The Bridge Across Forever

Updated: May 2, 2023


The bridge across forever

You're right, that isn't a picture of a bridge: it doesn't lead anywhere. It's a pier and it stops at a dead end.


The End, perhaps. Death?


Well, I guess that's why I'm here, sitting in a studio, writing. Because The End is nigh. And, it's also, in another sense already here.


Cryptic to be sure. So, let me explain…


You may or may not be aware that I upped and left my life in sunny Australia earlier this year. I had lived there for 25 years. Half my life. I left because my dad was moved into a nursing home just before Christmas and I felt an inexplicable urge to be with my family of origin.


In two short weeks I sold everything I owned (which wasn't much), and alighted at Heathrow airport at the end of January.


It's been a long process since then. And I'm only just beginning to sense the change.


My dad has Alzheimer's and can no longer walk (two separate things). He also has little to no comprehension of either.

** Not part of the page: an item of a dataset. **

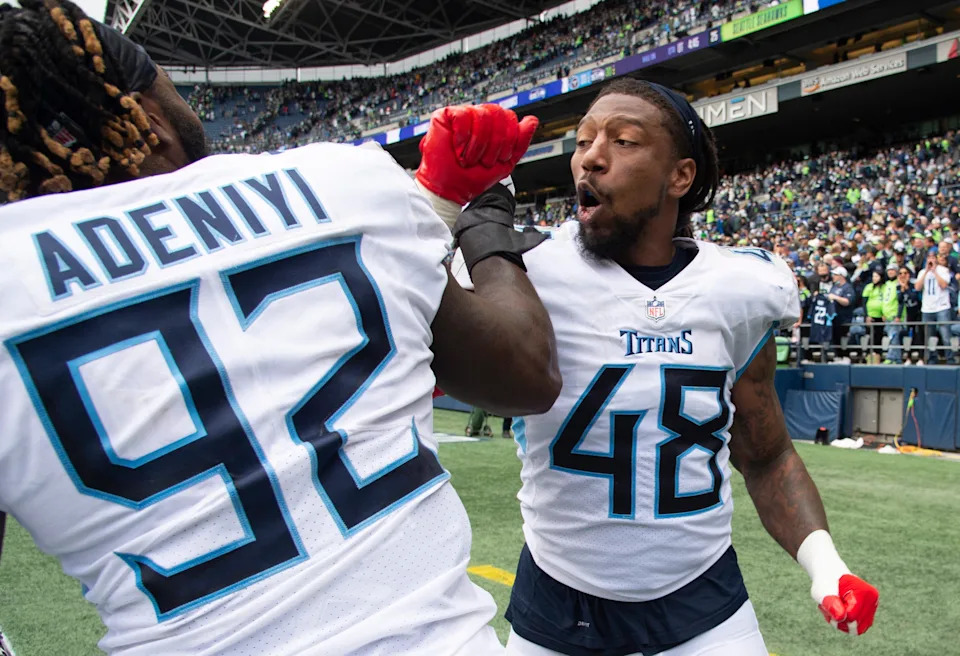 Tennessee Titans linebacker Ola Adeniyi (92) and outside linebacker Bud Dupree (48) celebrate their 33 to 30 overtime win against the Seattle Seahawks at Lumen Field in Seattle, Wash., on Sept. 19, 2021.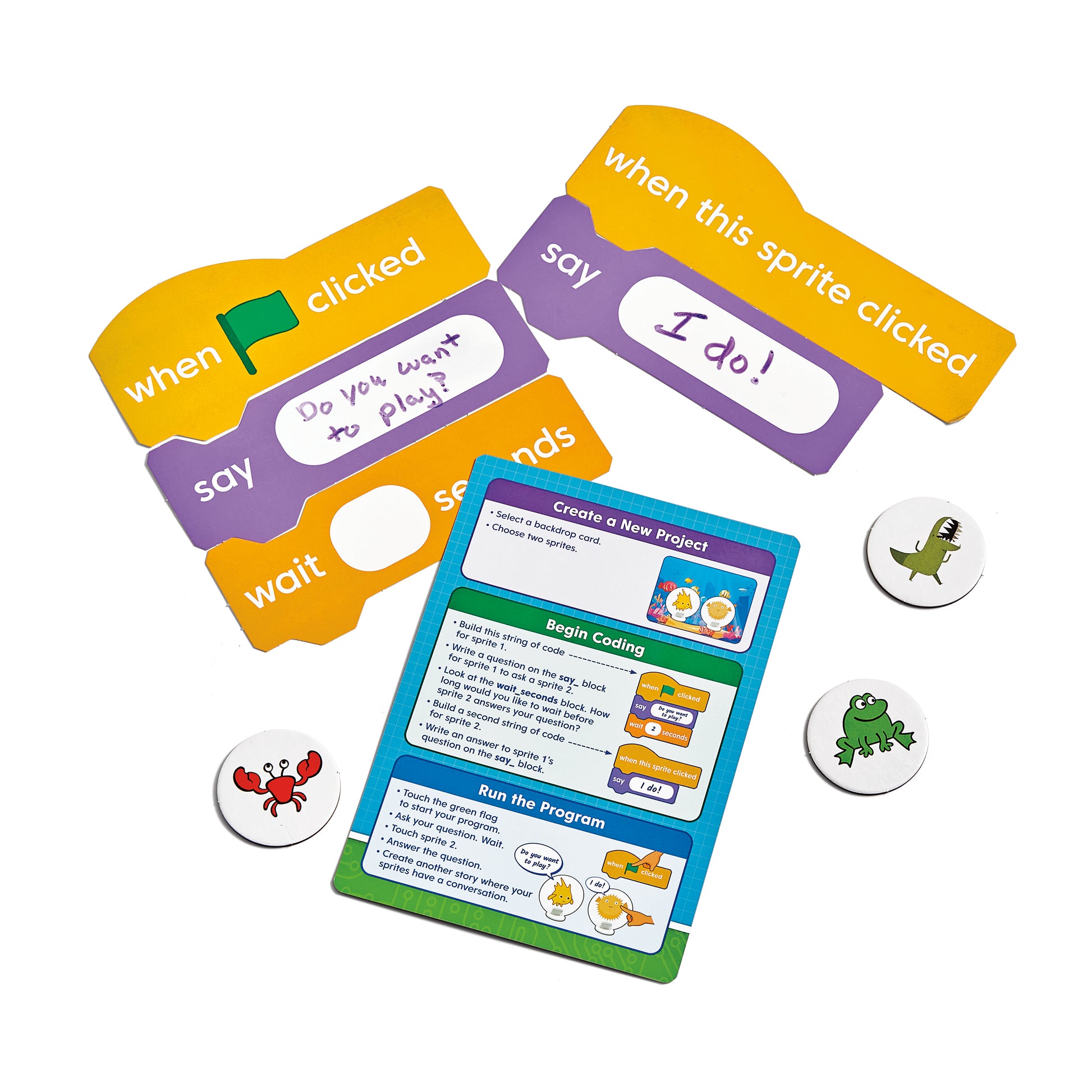 Sprite character pieces and backdrop cards allow students to act out their coding scripts.

I constantly find him trying to escape from his bed in the nursing home. My mum, my sister and I each have our own approach to managing that.


For me, it's somewhat comforting.


I like that he still has enough get up and go to want to go. "How the hell do I get out of here?" he'll croak, approximately every 20 minutes.


His skinny legs inch their way towards the end of the bed while I pretend to help him bust out of the hospital-style cot without him catching on to my lies.


I am just like my dad in many ways.


We both hum incessantly. We're both good storytellers, albeit in different ways (he was a joke teller, I'm a writer). We're both volatile and can get angry at the flick of an emotional switch. And, we're both soft and poetic at times.


To see my dad in a vulnerable state is both jarring and healing. He can no longer pretend to be the tough guy. His walls have well and truly fallen and he's surprisingly aware of that.


A few weeks ago I visited him at the nursing home and found him being tended to by two male nurses. One was putting an ice pack on his forehead. The other was standing by just in case.


I entered the room with a degree of suspicion. "He fell out of his chair," one of the nurses said.


A long explanation ensued that felt a little too over-explained.


You know, in the way a child might demonstrate their goodness by telling you they haven't done anything, even though they have chocolate all over their hands and mouth, and there's broken glass on the floor.


As the nurses motioned for me to move closer, my dad started to cry.


Before becoming a resident of a nursing home, crying wasn't something I've seen my dad do often. (Bar once when I was in hospital after a car accident and he was allocated to tell me my friend hadn't survived the crash).


Crying isn't part of the tough-guy vernacular. But since he's been moved into a care home he's cried with me a few times.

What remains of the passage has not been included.